RECORDS TO PROCESS |
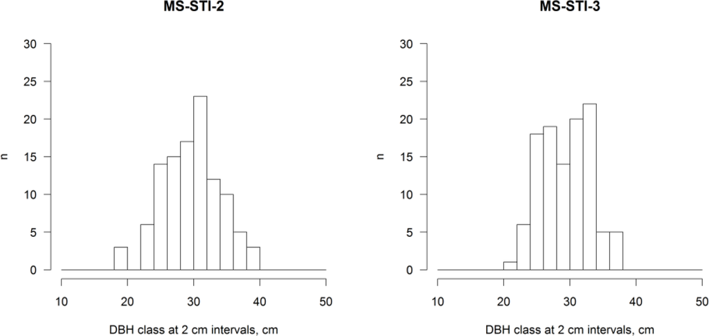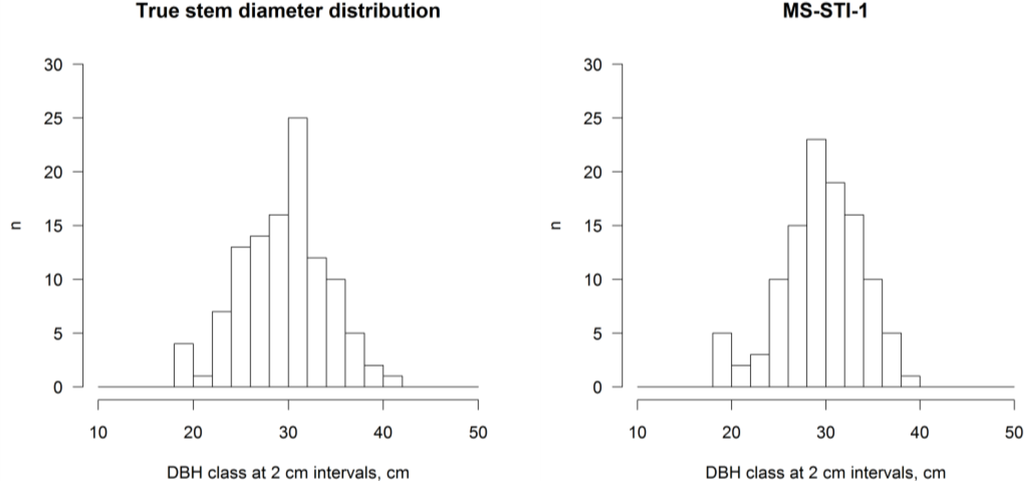 where fi is the true and f̂i is the predicted stem number in class i, k is the number of classes or bins and N is the true and N̂ the predicted stem number of all diameter classes. A bin size of 2 cm was used for diameter and 1 m for height. The error index is modified from the one suggested by Reynolds et al. [41]. Frequency differences are multiplied by 0.5 in Equation (1) to scale the error index to between 0 and 1, 0 meaning a perfect fit and 1 meaning that the distributions do not overlap at all.
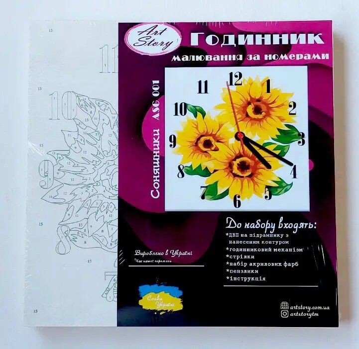 За допомогою даного набору можна розфарбовувати не просто картину, а справжній годинник. Подібний виріб стане чудовим подарунком або доповненням інтерʼєру. Для того, щоб намалювати картину, необхідно малювати за пронумерованими контурами, які відповідають кольору фарби. У наборі: годинниковий механізм зі стрілками, ДВП на широкому підрамнику (2,5 см.), паперова дублікат з контурним малюнком картини (на картині нанесена схема контурів зображення з нумерацією), нейлонові художні пензлі, палітра акрилових фарб у контейнерах та зручне кріплення. Усі необхідні фарби вже в комплекті та не потребують змішування. Розмір: 30х30 см.
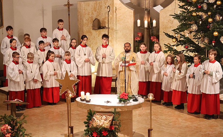 | Viele Ministranten aus der ganzen Pfarrei feierten die nächtliche Christmette mit. |
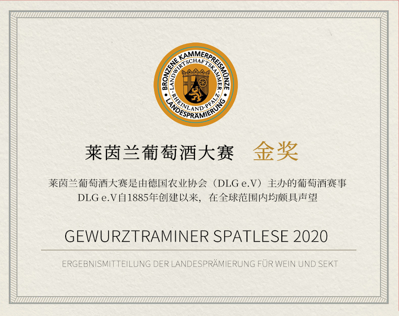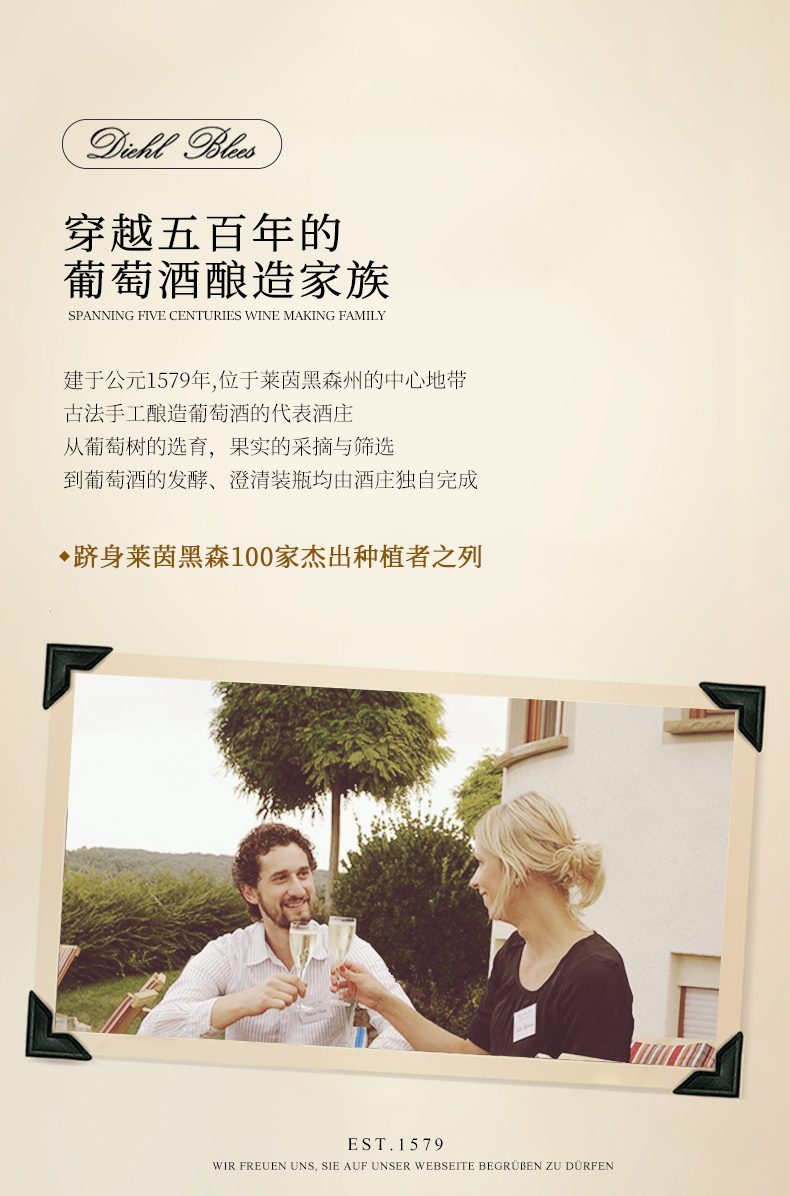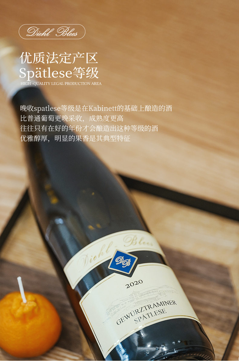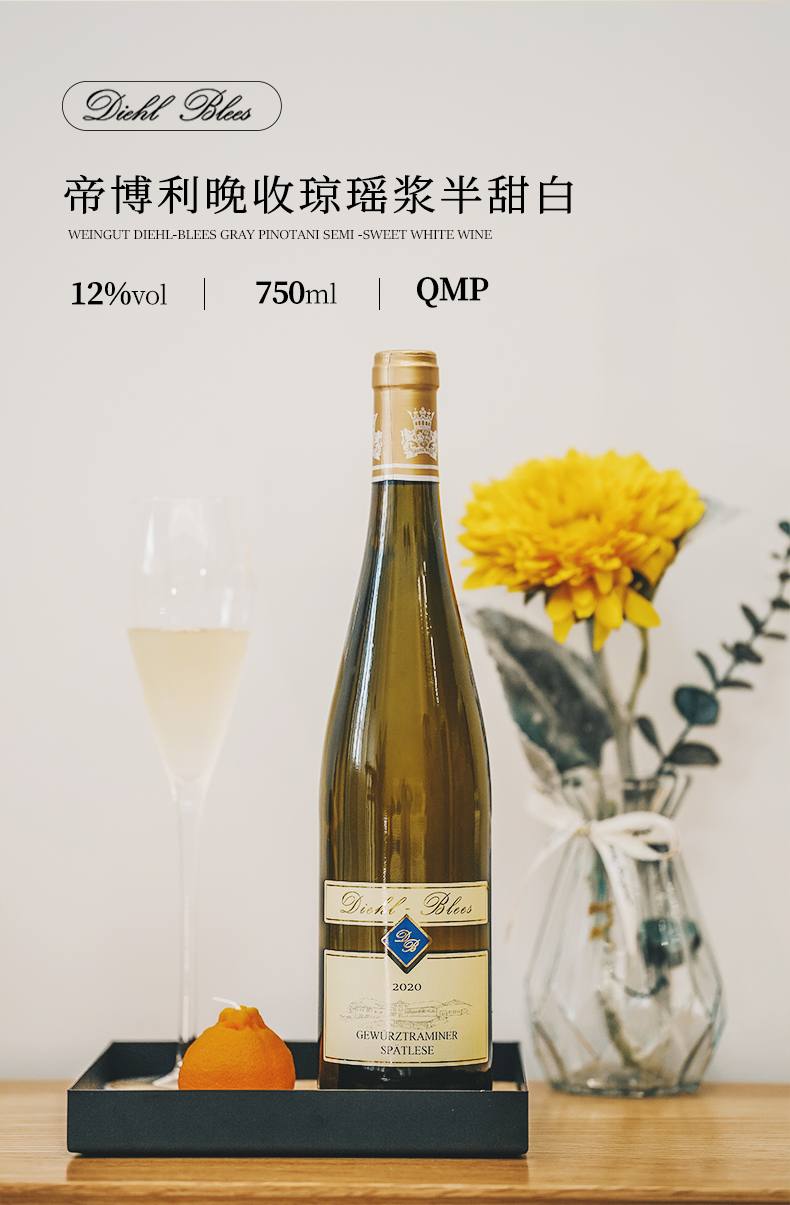 【莱茵黑森葡萄酒大赛金奖】德国帝博利琼瑶浆晚收半甜白葡萄酒 QMP级 12.5%vol
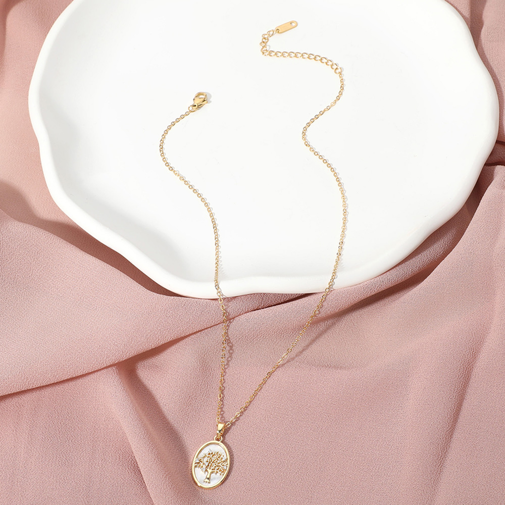 Stainless Steel Tree of Life Embossed Mother of Pearl Oval Pendant Necklace
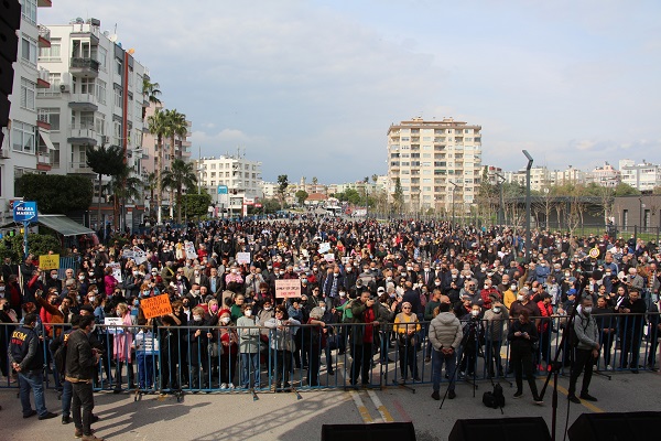 Mersin Emek ve Demokrasi Platformu adına ortak açıklamayı Elmas Kara ve Murat Doğan yaptı. Açlık, işsizlik ve yoksulluğun derinleşerek devam ettiğini söyleyen Kara ve Doğan, “Bir tarafta yoksulluk diğer tarafta israf, bir tarafta açlık, diğer tarafta şatafatın yaşandığı ülkemizde bir kesim lale devri yaşarken, her yerden emekçiler ve yoksul halkımızın geçinemiyoruz çığlıkları yükselmeye devam ediyor. Her yeni güne yeni bir zam haberiyle uyanıyoruz. Asgari ücrete, maaşlarımıza ve emeklilere yapılan göstermelik artışlar daha ceplerimize girmeden eriyip buharlaştı. Toplumun geniş kesimlerinin temel harcama kalemleri olan kira, ulaşım, doğalgaz, elektrik ve gıda ürünlerinde yapılan fahiş zamlar geçinmemizi, ay sonunu getirmemizi imkânsız hale getirdi” dedi.

ASSIGNMENT | Set down the material above word for word and skip its pictures.

ANSWER TO THIS PROBLEM |
 where fi is the true and f̂i is the predicted stem number in class i, k is the number of classes or bins and N is the true and N̂ the predicted stem number of all diameter classes. A bin size of 2 cm was used for diameter and 1 m for height. The error index is modified from the one suggested by Reynolds et al. [41]. Frequency differences are multiplied by 0.5 in Equation (1) to scale the error index to between 0 and 1, 0 meaning a perfect fit and 1 meaning that the distributions do not overlap at all.
 За допомогою даного набору можна розфарбовувати не просто картину, а справжній годинник. Подібний виріб стане чудовим подарунком або доповненням інтерʼєру. Для того, щоб намалювати картину, необхідно малювати за пронумерованими контурами, які відповідають кольору фарби. У наборі: годинниковий механізм зі стрілками, ДВП на широкому підрамнику (2,5 см.), паперова дублікат з контурним малюнком картини (на картині нанесена схема контурів зображення з нумерацією), нейлонові художні пензлі, палітра акрилових фарб у контейнерах та зручне кріплення. Усі необхідні фарби вже в комплекті та не потребують змішування. Розмір: 30х30 см.
 | Viele Ministranten aus der ganzen Pfarrei feierten die nächtliche Christmette mit. |
 【莱茵黑森葡萄酒大赛金奖】德国帝博利琼瑶浆晚收半甜白葡萄酒 QMP级 12.5%vol
 Stainless Steel Tree of Life Embossed Mother of Pearl Oval Pendant Necklace
 Mersin Emek ve Demokrasi Platformu adına ortak açıklamayı Elmas Kara ve Murat Doğan yaptı. Açlık, işsizlik ve yoksulluğun derinleşerek devam ettiğini söyleyen Kara ve Doğan, “Bir tarafta yoksulluk diğer tarafta israf, bir tarafta açlık, diğer tarafta şatafatın yaşandığı ülkemizde bir kesim lale devri yaşarken, her yerden emekçiler ve yoksul halkımızın geçinemiyoruz çığlıkları yükselmeye devam ediyor. Her yeni güne yeni bir zam haberiyle uyanıyoruz. Asgari ücrete, maaşlarımıza ve emeklilere yapılan göstermelik artışlar daha ceplerimize girmeden eriyip buharlaştı. Toplumun geniş kesimlerinin temel harcama kalemleri olan kira, ulaşım, doğalgaz, elektrik ve gıda ürünlerinde yapılan fahiş zamlar geçinmemizi, ay sonunu getirmemizi imkânsız hale getirdi” dedi.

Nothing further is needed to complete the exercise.